Holiday lights: more than just another decoration

Every year we (and when I say “we”, I mean my husband) get out our holiday lights to string around the house.  They’re always blue and white and generally vague enough to be Hanukkah or Christmas lights.  I recently saw another house with a blue and white theme and what looked like Jewish stars in their windows, but when I got closer, they were just snowflakes.  I always feel very proud of my Jewishness and even love that our festival of lights can (in all intended original purposes) rival that of Christmas traditions.  Even this Wikipedia passage notes the importance of displaying the holiday lights and unfortunately, when not to…


The reason for the Hanukkah lights is not for the “lighting of the house within”, but rather for the “illumination of the house without,” so that passersby should see it and be reminded of the holiday’s miracle (i.e. the triumph of the few over the many and of the pure over the impure). Accordingly, lamps are set up at a prominent window or near the door leading to the street. It is customary amongst some Ashkenazi Jews to have a separate menorah for each family member (customs vary), whereas most Sephardi Jews light one for the whole household. Only when there was danger of antisemitic persecution were lamps supposed to be hidden from public view, as was the case in Persia under the rule of the Zoroastrians, or in parts of Europe before and during World War II. However, most Hasidic groups light lamps near an inside doorway, not necessarily in public view. According to this tradition, the lamps are placed on the opposite side from the mezuzah, so that when one passes through the door s/he is surrounded by the holiness of mitzvot (the commandments).

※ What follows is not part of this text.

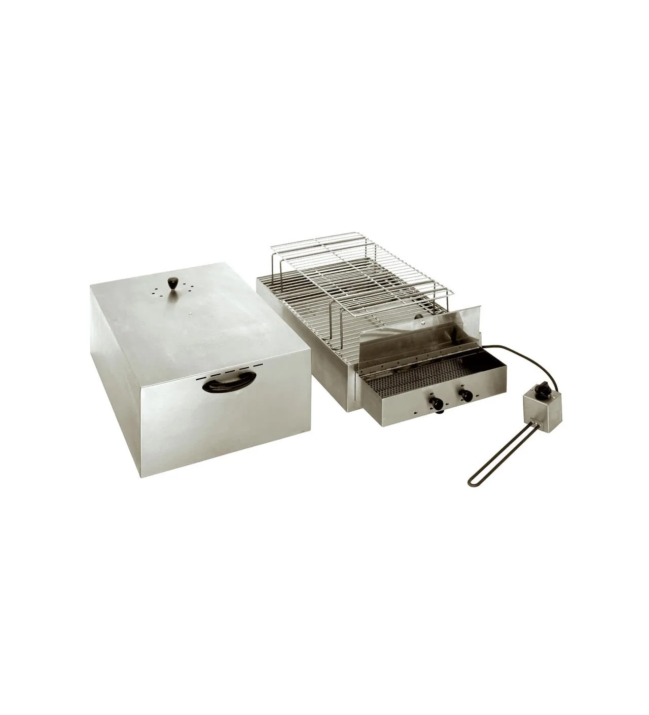 Révélez la saveur des aliments grâce au Fumoir à Froid. Celui-ci possède 2 étages : la grille supérieure mesure 54.5 x 34 cm, contre 60 x 40 cm pour la grille inférieure. Le fumoir à froid dispose d'une minuterie qui permet de contrôler l'allumage et la combustion de la sciure. Celle-ci prend place dans le tiroir extractible avec épingle chauffante.

This year, was a year like any other until my husband came home with a rotating dreidel projector.  Normally, I would be thrilled.  We’d been talking about another inflatable that is Hanukkah themed, to add to our blue and white polar bears.  Any other year, I’d be ecstatic.  This year is different.  This year, only a few weeks after Trump won the election, swastikas are popping up everywhere.  A teacher friend of mine showed me photos of swastikas all over a notebook belonging to one of her Hispanic students. Luckily, he didn’t know what they were.  I have a feeling in a years time, everyone will know what a swastika is.  It shakes me to my bones.

Of course, I am a proud Jew.  I am happy my husband found such a fun decoration and we display it proudly.  We are now officially saying, WE ARE JEWS to our neighbors and passers by.  In truth, it is a source of pride and fear.  I worry that next year for Hanukkah, we’ll be asking family for a video surveillance system.  I worry that others will pass and not see a festive house, but a target.  I worry for my sons who are about to start into the public school system where swastikas are more and more prevalent.  But for now, we celebrate.  We shop and prepare for the holidays and make plans and move on with our lives.

I am lucky to have many jobs and side jobs.  A colleague was over dropping off some paperwork and we started talking about the new dreidel decoration.  She loved it and I confessed to her my fears.  Til that point, I had not verbalized my feelings out loud to anyone and it was rough.  She turned to me and told me if anything ever happened to me or my house that she would “have a wall of people standing in my front lawn with crosses around their necks 24/7”. And I just fell apart.  I can’t even type the words without tears in my eyes.

I guess it’s good to know that I know warriors of peace, that Maccabees can come in all forms and be from all backgrounds.  It’s good to know that there are people in my community who will stand up, instead of stand by.  It brings me peace.  It makes me feel safe in a very unsafe world. I am blessed, I am protected and I am free to celebrate the holidays however we wish. I hope you find the same peace and joy this year and all the years to follow.